Options

"Timestamps from PostgreSQL: Different results in RapidMiner and RapidAnalytics"

LarsHLarsH Member Posts: 6 Contributor II
edited June 2019 in Help
Hi everyone,

I am facing a strange behavior of timestamps (or big numbers) in RapidMiner and RapidAnalytics when reading them from a PostgreSQL Database.

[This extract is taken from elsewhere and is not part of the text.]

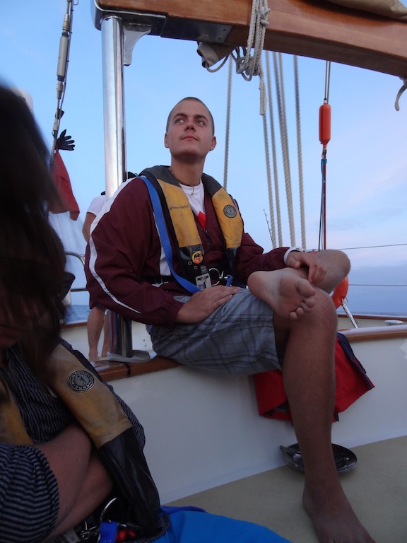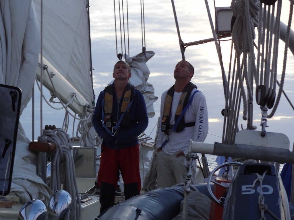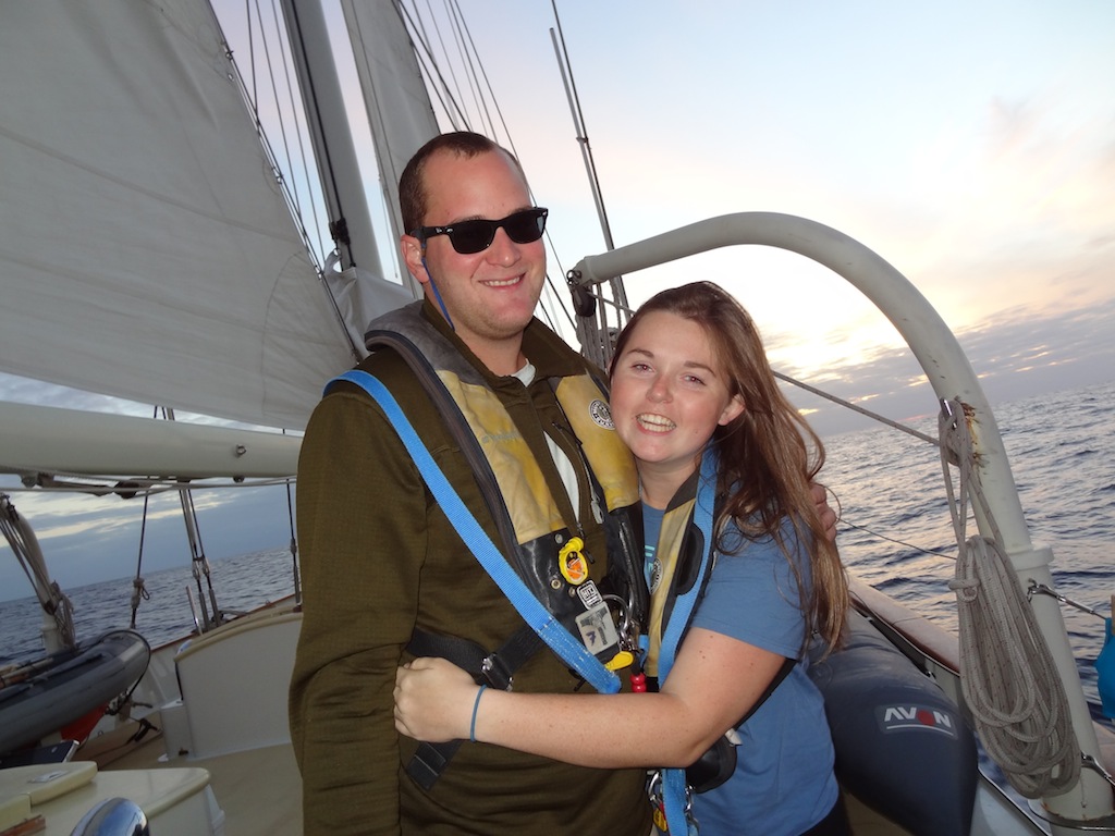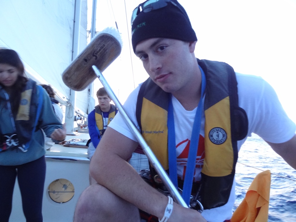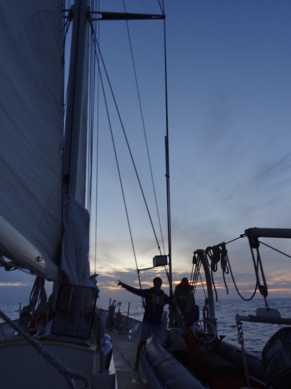 My day started off bright and early, minus the bright part, at 4 AM when I was awoken by Lilly for my watchcoming up the main companionway, I was greeted by probably the starriest night we’ve had so far on Argo. The watch team before us made sure we knew just how many shooting stars they had seen. For the next four hours, we sailed along with engines off, cruising at a solid 8 knots. Watch team Uno was then treated to a gorgeous sunrise, with absolutely no land in sight, before heading back to bed until lunch. After our delicious pesto grilled cheeses prepared by Alex, Biz, and Faloon, we had two classes, PSCT and Oceanography. After that came everyone’s favorite, Deck showers. Today’s shower was particularly hectic and cold and was accompanied by a great deal of squealing, and not all from the girls. Before dinner, in keeping with Argo tradition, I, as the skipper, posed a question to the group during the squeeze. Today’s question asked where you saw the person sitting to the left of you in ten years. Answers ranged from specific to vague, the serious to the hysterical, and left us all laughing. As I write this, I’m sitting in the chart house. Out of the portholes, I can see my fellow shipmates scrubbing the deck and washing the dishes, just like we’ve been doing for the past 60 days. It seems weird that I’ve only been here for two months because it feels like so much longer. With the 2/3 mark upon us, I think everyone is starting to realize how much we will miss Argo when we are gone. I hope everyone is doing well at home, especially those getting dumped on by snow.

I set up a very simple process, which only reads from the DB, sorts the resulting example set and stores it in the RA repository.

image
<?xml version="1.0" encoding="UTF-8" standalone="no"?>
<process version="5.3.007">
  <context>
    <input/>
    <output/>
    <macros/>
  </context>
  <operator activated="true" class="process" compatibility="5.3.007" expanded="true" name="Process">
    <process expanded="true">
      <operator activated="true" class="read_database" compatibility="5.3.007" expanded="true" height="60" name="Read Database (2)" width="90" x="246" y="30">
        <parameter key="connection" value="mypsqldb"/>
        <parameter key="query" value="select to_char('01.08.2012 01:01:00+00'::timestamptz,'DD.MM.YYYY HH24:MI:SS TZ') as zeit_string,&#10;'01.08.2012 01:01:00+00'::timestamptz as zeit_ts,&#10;extract(epoch from timestamp with time zone '01.08.2012 01:01:00+00') as zeit_epoch&#10;union&#10;select to_char('01.08.2012 01:02:00+00'::timestamptz,'DD.MM.YYYY HH24:MI:SS TZ') as zeit_string,&#10;'01.08.2012 01:02:00+00'::timestamptz as zeit_ts,&#10;extract(epoch from timestamp with time zone '01.08.2012 01:02:00+00') as zeit_epoch&#10;union&#10;select to_char('01.08.2012 01:03:00+00'::timestamptz,'DD.MM.YYYY HH24:MI:SS TZ') as zeit_string,&#10;'01.08.2012 01:03:00+00'::timestamptz as zeit_ts,&#10;extract(epoch from timestamp with time zone '01.08.2012 01:03:00+00') as zeit_epoch;"/>
        <enumeration key="parameters"/>
      </operator>
      <operator activated="true" class="sort" compatibility="5.3.007" expanded="true" height="76" name="Sort" width="90" x="447" y="30">
        <parameter key="attribute_name" value="zeit_string"/>
      </operator>
      <operator activated="true" class="store" compatibility="5.3.007" expanded="true" height="60" name="Store" width="90" x="648" y="30">
        <parameter key="repository_entry" value="../ExampleSets/Test2"/>
      </operator>
      <connect from_op="Read Database (2)" from_port="output" to_op="Sort" to_port="example set input"/>
      <connect from_op="Sort" from_port="example set output" to_op="Store" to_port="input"/>
      <connect from_op="Store" from_port="through" to_port="result 1"/>
      <portSpacing port="source_input 1" spacing="0"/>
      <portSpacing port="sink_result 1" spacing="0"/>
      <portSpacing port="sink_result 2" spacing="0"/>
    </process>
  </operator>
</process>
When I execute
select 
to_char('01.08.2012 01:01:00+00'::timestamptz,'DD.MM.YYYY HH24:MI:SS TZ') as zeit_string,
'01.08.2012 01:01:00+00'::timestamptz as zeit_ts,
extract(epoch from timestamp with time zone '01.08.2012 01:01:00+00') as zeit_epoch

union

select to_char('01.08.2012 01:02:00+00'::timestamptz,'DD.MM.YYYY HH24:MI:SS TZ') as zeit_string,
'01.08.2012 01:02:00+00'::timestamptz as zeit_ts,
extract(epoch from timestamp with time zone '01.08.2012 01:02:00+00') as zeit_epoch

union

select to_char('01.08.2012 01:03:00+00'::timestamptz,'DD.MM.YYYY HH24:MI:SS TZ') as zeit_string,
'01.08.2012 01:03:00+00'::timestamptz as zeit_ts,
extract(epoch from timestamp with time zone '01.08.2012 01:03:00+00') as zeit_epoch;
directly from RapidMiner, everything seems fine and I get

image

When running the same process on the RA server, I get a different and obviously wrong result

image

I'm using Rapidminer 5.3.007, RapidAnalytics CE 1.3.007 and PostgreSQL 8.4.4. RapidMiner uses the DB connection I've defined in RapidAnalytics.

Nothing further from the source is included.